Type information gathered by a type checker may be needed when code is generated. For example, arithmetic operators like + usually apply to either integers or reals, perhaps to other types, and we have to look at the context of + to determine the sense that is intended. A symbol that can represent different operations in different contexts is said to be” overloaded”. Overloading may be accompanied by coercion of types, where a compiler supplies an operator to convert an operand into the type checked by the context.

TYPE SYSTEMS

The design of a type checker for a language is based on information about the syntactic constructs in the language, the notion of types, and the rules for assigning types to language constructs.

The following excerpts from the Pascal report and the C reference manual, respectively, are examples of information that a compiler writer might have to start with.

. “ If both operands of the arithmetic operators of addition, subtraction and multiplication are of type integer, then the result is of type integer.”

. “The result of unary & operator is a pointer to the object referred to by the operand. If the type of the operand is ‘….’, the type of the result is ‘pointer to….’ ”

Implicit in the above excerpts is the idea that each expression has a type associated with it. Types have structure, the type “pointer to …” is constructed from the type that “….”refers to.

In both Pascal and C, types are either basic or constructed. Basic types are atomic types with no internal structure as far as the programmer is concerned. In Pascal, the basic types are boolean, character, integer, and real. Subrange types, like 1..10,and enumerated types, like(violet, indigo, blue, green, yellow, orange, red) Can be treated as basic types. Pascal allows a programmer to construct types from the basic types and other constructed types, with arrays, records, and sets being examples. In addition, pointers and functions can also be treated as constructed types.

TYPE EXPRESSIONS

The type of a language construct will be denoted by a “type expression”. Informally, a type expression is either a basic type or is formed by applying an operator called a type constructor to other type expressions. The sets of basic types and constructors depend on the language to be checked.

DEFINITION OF TYPE EXPRESSION

1) A basic type is a type expression. Among the basic types are Boolean, char, integer, and real. A special basic type, type_error, will signal an error during type checking. Finally, a basic type void denoting “the absence of a value” allows statements to be checked.

2) Since type expressions may be named, a type name is a type expression. An example of the use of type names appears in © below.

3) A type constructor applied to type expressions is a type expression. Constructors include:

a) Arrays. If T is a type expression, then array (I, T) is a type expression denoting the type of an array with elements of type T and index set I. I is often a range of integers.

For example, the Pascal declaration

` var A: array [1.. 10] of integer;

associates the type expression array (1.. 10,integer) with A.

b) Products. If T₁and T₂ are type expressions, then their Cartesian product T₁´T₂ is a type expression. We assume that ´ associates to the left.

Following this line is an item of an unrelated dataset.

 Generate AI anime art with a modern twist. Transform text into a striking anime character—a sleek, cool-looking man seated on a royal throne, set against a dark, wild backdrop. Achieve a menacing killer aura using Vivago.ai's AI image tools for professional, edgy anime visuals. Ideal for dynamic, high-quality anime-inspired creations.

c) Records. The difference between a record and a product is that the fields of a record have names. The record type constructor will be applied to a tuple formed from field names and field types. (Technically, the field names should be part of the type constructor, but it is convenient to keep field names together with their associated types.)

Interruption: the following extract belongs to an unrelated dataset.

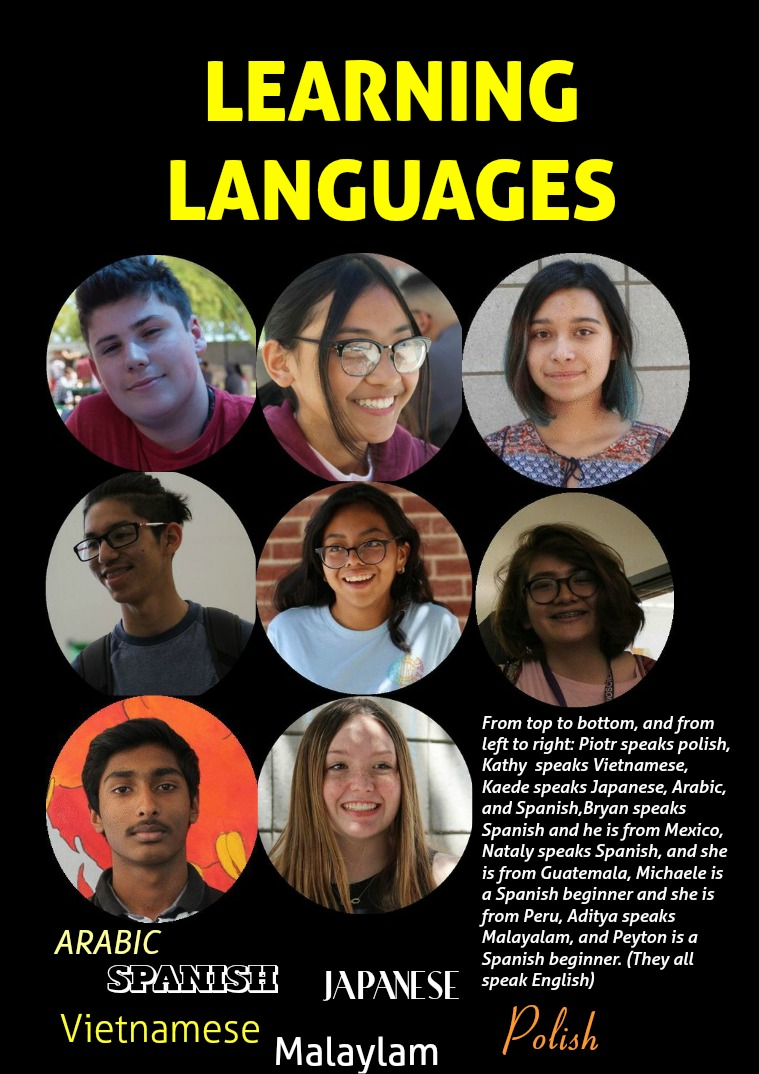 From top to bottom, and from left to right: Piotr speaks polish, Kathy speaks Vietnamese, Kaede speaks Japanese, Arabic, and Spanish,Bryan speaks Spanish and he is from Mexico, Nataly speaks Spanish, and she is from Guatemala, Michaele is a Spanish beginner and she is from Peru, Aditya speaks Malayalam, and Peyton is a Spanish beginner. (They all speak English)

For example, the Pascal program fragment

type row = record

address: integer;

lexeme: array [1…15] of char

end;

var table: array [1…. 101] of row;

declares the type name row representing the type expression

record ((address´integer)´(lexeme´array (1…15,char)))

and the variable table to be an array of records of this type.

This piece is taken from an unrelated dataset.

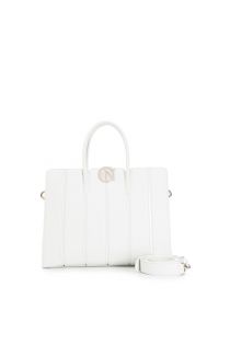 Tote rigida con lavorazione "a teli". logo cafènoir a contrasto. manici tubolari. chiusura con cerniera. borsa dotata di tracolla.

d) Pointers. If T is a type expression, then pointer (T) is a type expression denoting the type “Pointer to an object of type T.”

e) Functions. Mathematically, a function maps elements of one set, the domain, to another set, the range. We may treat funtions in programming languages as mapping a domain type D to a range type R. The type of such a function will be defined by the type expression D → R

For example, the built in function mod of Pascal has domain type int´int, ie. a pair of integers ,and a range type int.Thus, we say mod has type¹

int ´ int

int

As another example ,the Pascal declaration

Function f (a, b: char): integer;....

Says that the domain type of f is denoted by char´ char and range type by pointer (integer). The type of f is thus denoted by the type expression

Char´ char

pointer (integer)

Often, for implementation reasons, there are limitations on the type that a function may return; e.g, no arrays or functions may be returned. However, there are languages, if which Lisp is the most prominent example, that allow functions to return objects of arbitrary types, so, for example, we can define a function g of type

(integer

integer)

(integer

integer)

That is, g takes as argument a function that maps an integer to an integer and g produces as a result another function of the same type.

4) Type expressions may contain variables whose values are type expressions

TYPE SYSTEMS

A type system is a collection of rules for assigning type expressions the various parts of the program. A type checker implements a type system. Different type systems may be used by different compilers or processors of the same language .For example, in Pascal, the type of an array includes the index set of the array, so a function with an array argument can only be applied to arrays with that index set. Many Pascal compilers however allow the index set to be left unspecified when an array is passed as an argument. Thus these compilers use different type systems than that in the Pascal language definition. Similarly, in the UNIX system, the lint command examines C programs for possible bugs using a more detailed type system than the C compiler itself uses.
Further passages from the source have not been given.